INFORMATION SHOWN:
○ ○ ○ ○ ○ ○ ○

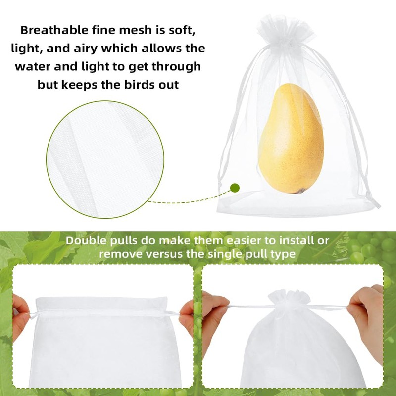 - Value Pack: You will receive 100 pcs 5x7 inch fruit protection bags that can fully cover various fruits, vegetables, plants, such as strawberries, cherries, raspberries, cherry tomatoes, etc. The reusable organza bag has sufficient quantity and suitable size to meet your different usage needs, and can be used in all growing seasons
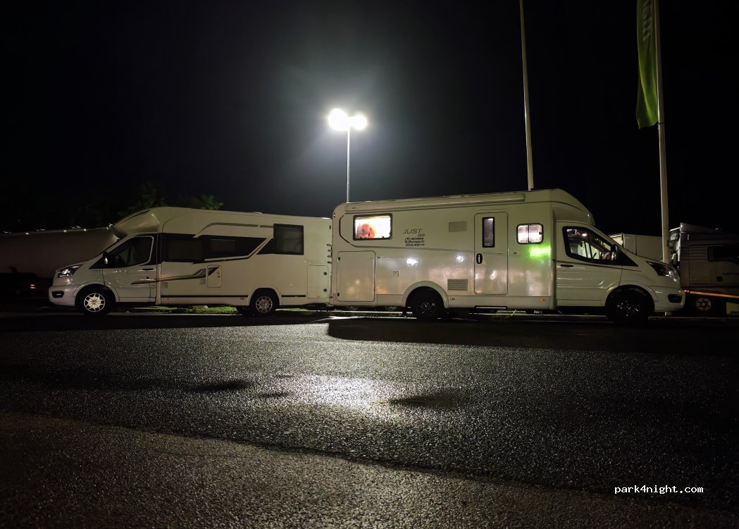 Classico parcheggio in area di servizio, carico acqua e scarico nere, per le grigie qualche km dopo c'è un'area di sosta.
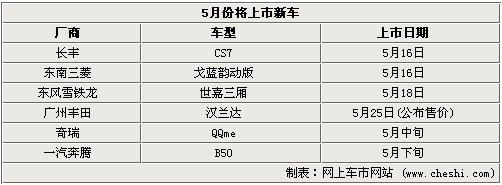 轟轟烈烈的2008上海車展將于今天正式閉幕,而車展上首發的新車、概念車讓人印象深刻,不過在亮相之后,他們最終都會量產上市。在即將到來的五月份就將有6款新車型上市,其中自主品牌繼車展后再唱主角,有3款新車型上市,分別為長豐CS7、奇瑞QQme及奔騰B50。
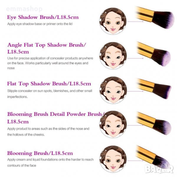 за нанасяне на всички видове течни, кремообразни и сухи пудри и продукти.

○ ○ ○ ○ ○ ○ ○

PROBLEM TO WORK ON: Give the data back exactly, omitting all pictures.

FINISHED EXERCISE:
 - Value Pack: You will receive 100 pcs 5x7 inch fruit protection bags that can fully cover various fruits, vegetables, plants, such as strawberries, cherries, raspberries, cherry tomatoes, etc. The reusable organza bag has sufficient quantity and suitable size to meet your different usage needs, and can be used in all growing seasons
 Classico parcheggio in area di servizio, carico acqua e scarico nere, per le grigie qualche km dopo c'è un'area di sosta.
 轟轟烈烈的2008上海車展將于今天正式閉幕,而車展上首發的新車、概念車讓人印象深刻,不過在亮相之后,他們最終都會量產上市。在即將到來的五月份就將有6款新車型上市,其中自主品牌繼車展后再唱主角,有3款新車型上市,分別為長豐CS7、奇瑞QQme及奔騰B50。
 за нанасяне на всички видове течни, кремообразни и сухи пудри и продукти.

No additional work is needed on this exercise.